I am 2 months into my year of discipline and 4 and 1/2 months into my first year of motherhood. All things being what they are, I think I am ready to start applying discipline to a very undisciplined area of my life: eating healthy and exercising.
I have a love hate relationship with eating right and exercising. When I am into it I love it but when I am out of it I hate it! Can you relate?
For the majority of my life I have been on some kind of diet. I am one of those girls who has clothes of every size from size 6 to 16 in her closet. No matter what I have tried, I’ve never been able to put this issue of “weight management” to bed once and for all. It’s such a mystery to me why I have not mastered this area of my life instead of allowing it to master me. Obviously the issue is discipline, so how do I get discipline in this area of life?
If I’m being honest, I’ve never been at peace with my body — ever– even when I was wearing size 6 sundresses and bikinis I still wasn’t at peace because I knew that I could not maintain what it would take to say that way. I was white-knuckling my way to skinny jeans and you can only grasp hold of an unsustainable solution for so long before you go flying off the handle. Believe me, I know.
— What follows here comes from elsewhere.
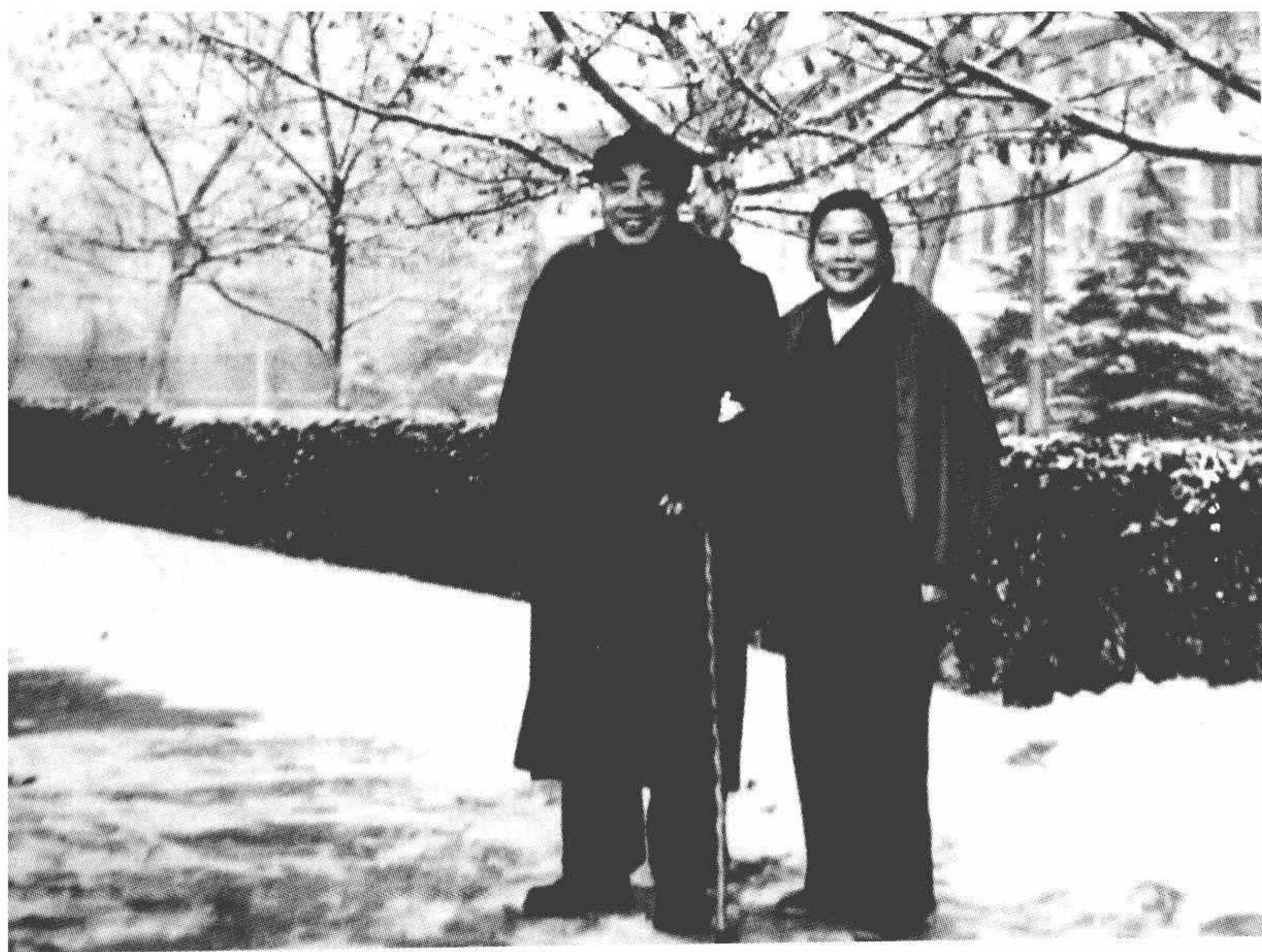
朱德与康克清在中南海。

You name a diet and I have tried it. I’ve been on Weight Watchers, South Beach, Body for Life, Atkins, Zone, Low-Carb, No-Carb, Fat Free, High Protein — you name it. I have also done the fad diets — The Grapefruit Diet, The Cabbage Soup Diet (GROSS), and the urban legend “Mayo Clinic” 3 Day Diet (which isnt even by the Mayo Clinic but actually worked for me once).
I have also gone the RX route, I’ve taken fen-phen, chromium picolinate, water pills, herbalife, and this random tea diet where I would take an herbal supplement in the mornings and drink this “cleansing tea” (this was super gross!).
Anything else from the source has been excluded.